深秋的午后,郊区养老院的银杏叶落了满地。谢游攥着那面缠枝纹小铜镜,跟着白斌走进小院子时,正看见老陈坐在石凳子上,手里摩挲着一个搪瓷杯杯壁上“公安”两字已经褪得模糊。
“老陈,您还记得1995年红颜理发店的案子吗?”谢游问道。
老陈抬眼,看见谢游手里的小铜镜时,喉结动了动,沉默半晌才开口:“这镜子……你们找到了?”他接过铜镜,指尖拂过边缘的花纹,眼神突然变得悠远,“当年我第一次去理发店,就看见李梅拿着它发呆,问她哪来的,她说在旧货市场淘的,说这镜子能‘照见想找的人’。
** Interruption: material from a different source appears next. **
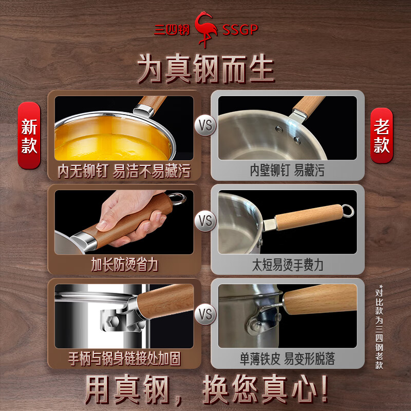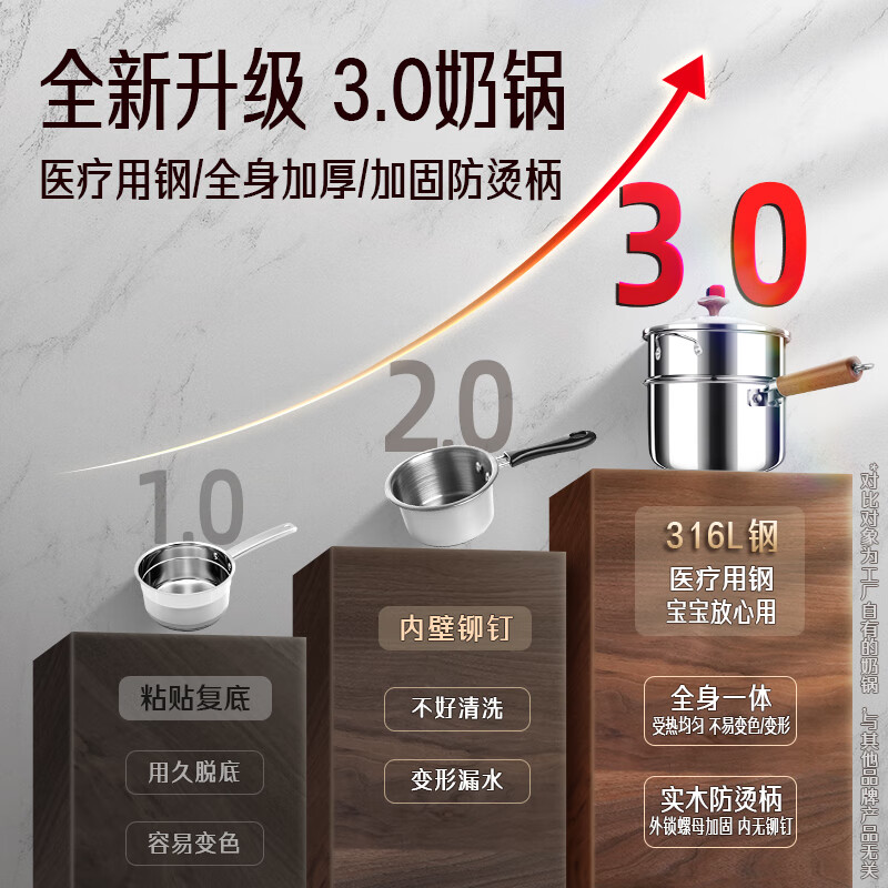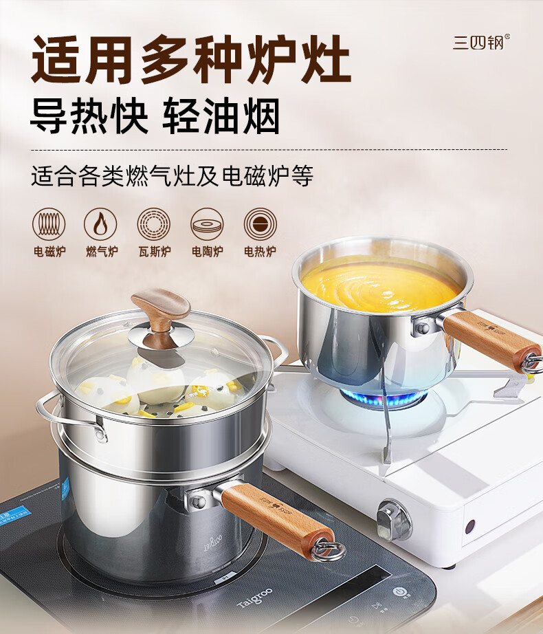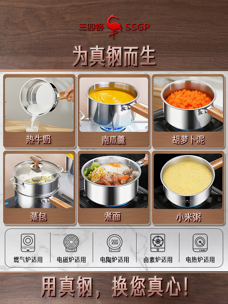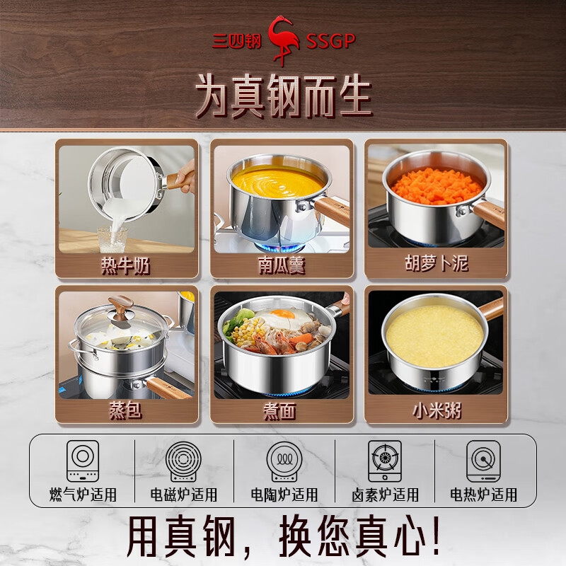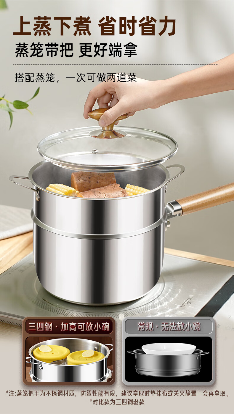 商品名称: 三四钢®奶锅辅食锅316不锈钢小奶锅食品级一体成型婴儿专用宝宝蒸煮锅 28908 柏林经典316L奶锅:18cm加厚款带蒸格/个

”
墨染祁坐在一旁,笔记本上已经记了半页:“您当时撬开地板,真的没发现异常吗?”
“不是没发现,是不敢说。”老陈叹了口气,搪瓷杯在石桌上磕出轻响,“那天撬开木板,我闻到点腐味,还看见土坑里有片蓝色布料——跟李梅常穿的连衣裙一模一样。可我刚要挖,就听见镜子里传来女人的哭声,墙上那面大镜子还泛着白雾,雾里有个黑影盯着我看。”
谢游的红色瞳孔微微收缩:“您没跟别人说?”
“说了谁信啊。”老陈苦笑,“当时局里都觉得我是查案查魔怔了,后来我干脆就说没发现异常。可那之后,我总做噩梦,梦见李梅站在镜子前,手里举着这面小铜镜,喊我‘救她’。”
正说着,老陈的手突然顿住,小铜镜的镜面闪过一道微光,映出石凳旁的银杏树——可镜中的银杏叶不是黄色,而是深绿色,像回到了夏天,树下还站着个穿蓝色连衣裙的女人,长发垂肩,正是李梅。
“你看……”老陈声音发颤,指着镜面。谢游凑近,看见镜中的李梅对着他们笑了笑,手里的小铜镜与现实中的叠在一起,仿佛隔着时空碰了面。下一秒,镜中的画面突然消失,只剩下谢游的倒影。
墨染祁摸出手机,调出张诚亲戚的证词:“您知道李梅有没有试过用铜镜做什么仪式?”
“试过。”老陈点头,“有次我路过理发店,看见她把小铜镜对着大镜子放,嘴里念叨着‘找你这么久,你到底在哪’,还往镜面上洒了点水。我当时觉得奇怪,可没多想——直到她失踪后,我才想起,她之前总说‘镜子里有人跟她说话’。”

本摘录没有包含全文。